Морис вспомнил полные растерянности переходы последних двух дней, когда маршал Мак-Магон торопил отступавших, хотел во что бы то ни стало переправиться через Маас и они потеряли в непонятных колебаниях столько драгоценного времени. Было слишком поздно. Вспылив при известии, что 7-й корпус находится в Оше, когда должен быть в Безасе, маршал, наверно, был убежден, что 5-й корпус уже расположился в Музоне, а на деле этот корпус задержался в Бомоне и был разбит. Но чего требовать от войск, лишенных хороших начальников, разложившихся от ожидания и бегства, умирающих от голода и усталости?

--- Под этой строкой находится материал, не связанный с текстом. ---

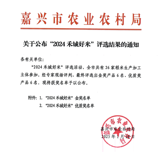 1月16日,由嘉兴市农业农村局组织的“2024禾城好米”活动评选结果公布,经过现场专家评判,最终评选出金奖产品6名,优质奖产品6名。本次活动获奖名单中,我院选育的优质水稻品种‘浙禾香2号’表现出色,共有6家获奖单位选送该品种,占比达到1/2。其中,嘉善县农星植保专业合作社的“蛙蛙响”品牌和浙江日月农业股份有限公司的“玉穗丰”品牌,均以‘浙禾香2号’为品种,荣获了“2024禾城好米”金奖。此外,浙江绿康米业有限公司的“欣南湖”品牌、浙江海元米业有限公司的“稻宝”品牌、海盐通元标丰农场的“标丰”品牌以及嘉兴市经悦园林市政建设有限公司的“蔬彩园”品牌,同样以‘浙禾香2号’为品种,获得了“2024禾城好米”优质奖。
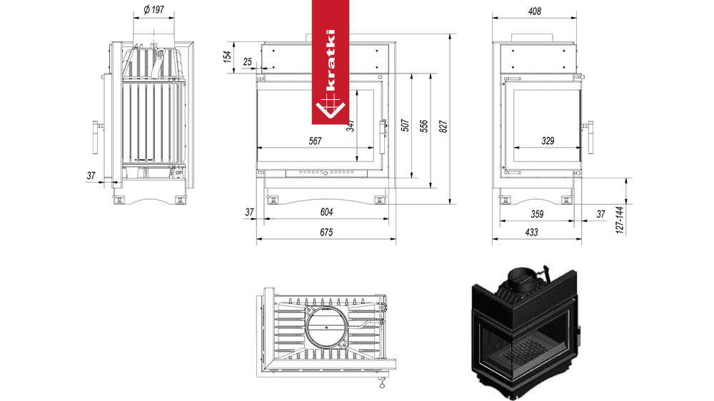 Korpus kominka wykonany jest z żeliwa w połączeniu ze stalowym frontem. Ścianki paleniska o minimalnej grubości 8mm zapewniają solidność konstrukcji, odporność na uszkodzenia oraz długotrwałe utrzymanie ciepła.

Старик Фушар наконец остановился за спиной Жана и, удивившись, как исчезали огромные куски хлеба, спросил с холодной насмешкой:
– Ну, теперь легче стало?
Капрал поднял голову и с присущей крестьянину такой же прямотой ответил:
– Да, полегчало, спасибо!
Опоре, хоть и сильно проголодался, иногда переставал есть, оборачивался и к чему-то прислушивался. Если после долгой борьбы с самим собой он нарушил клятву никогда не переступать порог этого дома, то только потому, что его привело сюда непреодолимое желание увидеть Сильвину. Он хранил под сорочкой, на сердце, письмо, полученное от нее в Реймсе, это нежнейшее письмо, в котором она уверяла, что любит его по-прежнему, любит только его одного, вопреки жестокому прошлому, вопреки Голиафу и рождению Шарло. Оноре думал теперь только о ней, тревожился, почему ее еще нет, и крепился, чтобы не выдать своего волнения отцу. Но страсть одержала верх, и притворно равнодушным голосом он спросил:
– А Сильвина здесь больше не живет?
Фушар искоса поглядел на сына и усмехнулся про себя.
– Как же, как же, живет.
Он замолчал, долго отхаркивался, и сыну пришлось после некоторого молчания спросить снова:
– Она, значит, спит?
– Нет, нет.
Наконец старик соблаговолил ответить, что утром он ездил с ней в тележке на рынок в Рокур. Если приходят солдаты, это еще не значит, что люди не должны больше есть мясо и что нельзя торговать. Так вот, как всегда, во вторник он повез туда барана и четверть бычьей туши; он уже почти все распродал, как вдруг пришел 7-й корпус, и они попали в отчаянную свалку. Люди бежали, толкались. Он испугался, что у него отнимут тележку и лошадь, и уехал, оставив Сильвину в поселке, куда она пошла за покупками.